Der Ton des Textes ist dabei oft spitzzüngig, vor allem aber klagend und besorgt. Wie eine schriftliche Version der Aktionen der Klimaschutzaktivistinnen. Kritisiert wird nicht nur die Teilnahmslosigkeit der breiten Öffentlichkeit, sondern vor allem auch die Unfähigkeit der politischen Grünen, die enorme Aufmerksamkeit für die Klimafrage in echte politische Mobilisierung umzuwandeln.
„Im Moment gelingt es der politischen Ökologie, die Menschen in Panik zu versetzen und diese gleichzeitig aus Langeweile zum Gähnen zu bringen. (...) So erklärt sich die Handlungslähmung, die sie zu oft hervorruft“, schreiben Latour/Schultz. Ihre These: Das politische Umweltbewusstsein wird so lange als dröge und apokalyptisch beschimpft werden, solange es nicht in der Lage ist, die politischen Affekte neu auszurichten. Mit anderen Worten: Die politische Ökologie hat den Bürgerinnen und Bürgern noch keine Ideologie präsentiert, die erfolgreich mit dem Ozean an Ideen und Affekten wetteifern könnte, die zum Beispiel der Konservativismus, der Sozialismus oder der Liberalismus zu bieten haben. Die bittere Pointe dabei ist, dass die ökologische Bewegung genau die Grundwerte anderer politischer Richtungen vereint – Bewahrung, Gerechtigkeit, Freiheit – und diese leicht beschwören können müsste. Es gelinge dem grünen Projekt jedoch nicht, ein Momentum zu kreieren, das sich in entschlossenes Handeln übersetzen ließe. Stattdessen habe es sich auf das Ringen mit weniger attraktiven Erzählungen eingelassen: von der Entbehrung und der Einschränkung.
Der größte Triumph des antiökologischen Diskurses sei es dementsprechend, die große Verzichtserzählung so lanciert zu haben, dass vergessen werden konnte, dass das Verzichten, um das es geht, keine Strafe ist, sondern einer besseren Zukunft dienen soll.

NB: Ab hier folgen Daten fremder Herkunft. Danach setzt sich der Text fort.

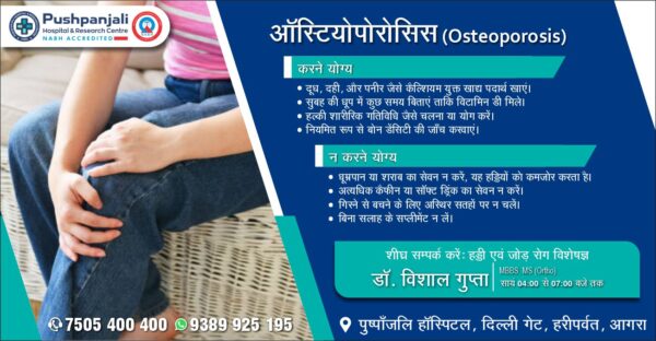आगरालीक्स…ऑस्टियोपोरोसिस—हड्डियां कमजोर और नाजुक हैं तो पुष्पांजलि हॉस्पिटल में डॉ. विशाल गुप्ता से लें परामर्श. संपर्क करें 7505400400, 9389925195 ऑस्टियोपोरोसिस एक ऐसी बीमारी...

Damit eine Affizierung und Mobilisierung gelingen kann, so Latour/Schultz, fehle dem Ökologismus nur noch, „dass er sich als die Mehrheit definiert“. Die ökologische Klasse sei „bereits so etwas wie der neue dritte Stand: ein Nichts mit dem Ehrgeiz, das Ganze zu sein“. Wie dem früheren dritten Stand mangele es ihr „nur am Stolz, von sich und ihrer Zukunft überzeugt zu sein – wie auch an einigen günstigen und völlig kontingenten Umständen, um die Macht zu erlangen“.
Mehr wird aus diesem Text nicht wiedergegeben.